Shelby "opted" to have AC build the bodies and chassis? Instead of what? Building them in-house? They had absolutely no way of doing any of that, ever. It wasn't a matter of opting to let AC build them. There was no other choice. "Allowed" AC to build the rollers? Again, no other choice, I think. Did Shelby and/or Ford ever even consider building the cars in-house?
The majority of the components of almost every Cobra were assembled in England at AC , with most Cobras receiving the engines and transmissions and a few other bits at the Shelby plant at LAX.
Of course, Shelby and his crew created and designed the Cobras and contracted with AC to build the new cars (which were very closely based on the AC Ace for the 260/289 series), so... I guess you are absolutely correct.
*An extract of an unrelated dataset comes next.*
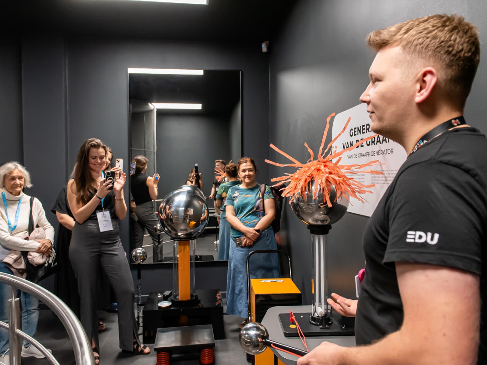 Kolejny blok był o popularyzacji nauki. Dyrektor Centrum Popularyzacji Nauki I Innowacji KORTOSFERA Mateusz Pikuliński z pasją opowiadał o tym jedynym w Polsce ośrodku, będącym nie tylko własnością uczelni, ale także organizującym tournée po Polsce. Na czterech piętrach i 1676 m2 przestrzeni wystawienniczej są interaktywne ekspozycje stałe, specjalistyczne laboratoria, pracownia mikroskopowa i sale do pokazów naukowych (potem zostaliśmy po tym centrum oprowadzeni – robi wrażenie).

Shelby outsourced his design to AC for fabrication. Carroll Shelby can therefore be credited with being ahead of his time in one more area. He led the way for off-shoring the construction of "American" automobiles. He beat NAFTA by decades! Still doing it in some recent years with Polish made aluminum bodies, via Kirkham. I guess the point is that if a unique part comes through Shelby in some way, it validates it as genuine Shelby, and that makes sense. If you can buy exactly the same part from the outsourcing manufacturer through another vendor , then that isn't necessarily a Shelby part.